Growing catalog business
Szabo, who has a master's degree in ethno-musicology and immigration history from Kent State University, found some suppliers for such items and printed out a flier that she sent to people. She laughs now at the meager attempt at direct mail because the flier had just 20 items.
"But there was so much response that I just said, 'Uh-oh.'"
She quickly decided to expand, which was difficult. It was before the fall of the Soviet Union, so she was limited to finding domestic suppliers of Hungarian items.
She found enough, however, that she put together a black-and-white catalog, then a color catalog and next a Web site.
Today, she uses about 80 suppliers from around the world. She sends out a catalog in the fall with about 200 items, though her Web site -- magyarmarketing.com - has many more. Also, she often sends out another catalog in the spring.
When she was starting out, she developed the business by going to church festivals in the area. She displayed some of her products and asked people if they wanted to be on a mailing list.
Many people signed up, and word of her business quickly spread among Hungarian clubs that operate throughout the United States.
"There are pockets of Hungarians everywhere," she said.
Her biggest problem now making the large-scale operation more manageable. Sending out catalogs to everyone on her list is too expensive, so she is working on ways to pare the list back to about 8,000 or 10,000 people.
Plus, she has the restaurant, though son Ernie runs the daily operations.
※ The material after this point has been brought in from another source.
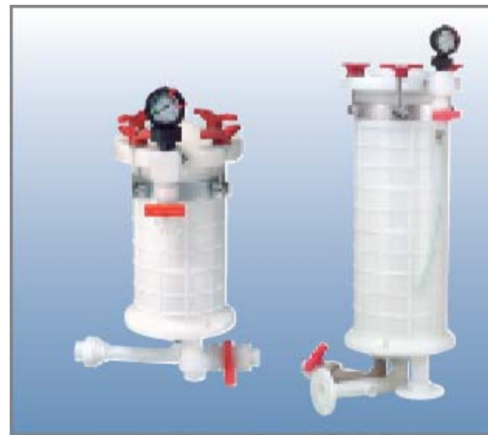
特殊材質 MATERIAL PVDF

He also is a math teacher in the Girard schools, so he works at the restaurant in the evenings and on weekends, while other staff handles the lunch business on weekdays.
Caters to people
Elizabeth Szabo said she started thinking of opening a restaurant 10 or 12 years ago when another catalog retailer suggested it.
Her daughter, Liz Vos of Evansville, Ind., said the family members had kicked around possible locations and finally decided to go forward.
"The idea had incubated long enough," she said.
Szabo and her son, who loves to cook for the family, used some old recipes that had been handed down through the family and others that they had picked up from Hungarian immigrants in the area.
"We get a lot of families that come and say they grew up with this food," Elizabeth Szabo said. "They just don't know how to make it any more."
People have learned to rely on Szabo for more than just Hungarian products and Hungarian food, however. She often gets phone calls from customers who need a translation of a Hungarian word or from people who can't find the village of their ancestors. Others are looking for a particular Hungarian song that their grandfather used to sing.
"I'm service-oriented," she said with a smile. After pausing, she added, "And that's not good."
It's not good because providing such service isn't as easy as it used to be, she said.
"The Lord keeps taking a little bit of my energy all the time," she said.